His journey in the liberation struggle saw him rise from being a student activist at Wits University to training with Umkhonto We Sizwe in Angola, from studying at the Lenin Party School in Moscow to serving on the World Marxist Review’s Board in Prague.
Dr. Pahad believed education is a lifelong process. The Pahad family was forced to move their sons, Essop and Aziz, from Schweizer-Reneke to Johannesburg as there were no options for children of Indian descent to complete their schooling in a small-town suffocating under the yoke of racism.

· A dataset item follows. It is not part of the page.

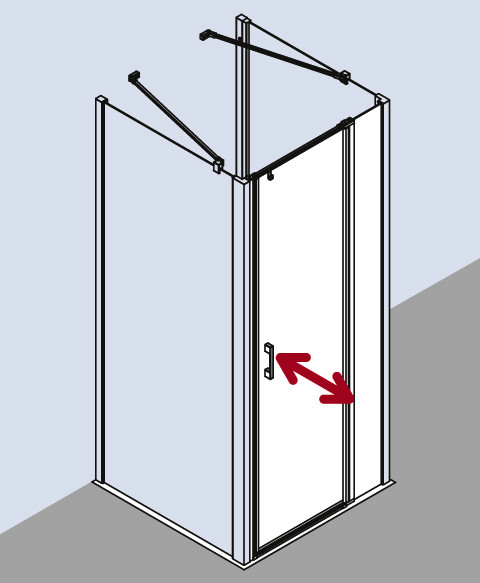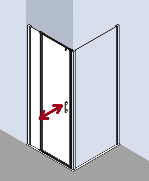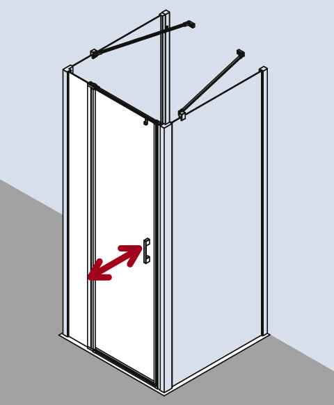 zum Einbau in einer Nische und zur Konbination mit LI TWD Seitenwand/LI TVD Seitenwand verkürzt auf Badewanne, teilgerahmt, mit einem Glasflügel-nach innen und außen öffnend, mit einem Festfeld, mit Zugstab und Stabisierung (innen), ohne Zugstab installierbar, Nische/Ecke ohne Zugstab mit LI TWD und zusätzlicher Liga-Stabilisierung (innen) ZDSS VSS LI, Glasstärke 5 mm, Profile aus Aluminium, Griffe und Gelenke aus Metall, bei Oberfläche silber mattglanz Griffe, Gelenke und Anschlüsse für Zugstab und Bodenschwelle in Chrom, Verstellmöglichkeit je Wandprofil 25 mm, Gelenk mit Hebe-Senk-Mechanismus, durchgehende Magnetleisten und Dichtprofile, waagerechte Dichtleiste in Dachrinnenform, mit 6 mm Bodenschwelle oder ohne Bodenschwelle (bodenfrei) installierbar, mit Befestigungsmaterial und transparentem Handtuchhalter-Haken, geprüft nach DIN EN 14428 (CE) und PPP 53005 (TÜV/GS), die waagerechte Schräge darf max. 5 mm betragen

In spite of the many obstacles put in place by the apartheid regime for Black children to receive an education, Pahad not only received a Bachelor’s degree from Wits but went on to earn a Master’s and PhD from Sussex University in Britain.
He is remembered as leader who was forthright in his views. His period as Minister in the Presidency under former President Thabo Mbeki saw him play a key role in that administration. His tenure as the Minister responsible for the then Office of Persons with Disabilities is fondly remembered by disability rights organisations as he was a powerful champion for the rights of persons with disabilities.
The passing of Essop Pahad is a reminder that this generation of stalwarts is coming to an end. If we are to do justice to their memories and sacrifices, the current and next generation of leaders need to reflect on their shortcomings and how they can better emulate the likes of the Pahad and many others who served South Africa with distinction during very difficult times. We have witnessed the rise of an embarrassing sense of entitlement, unhealthy lifestyles and an addiction to the trappings of power of too many current and aspiring leaders. This is a problem we can do without and that needs to be corrected if we want South Africa to reach its full potential.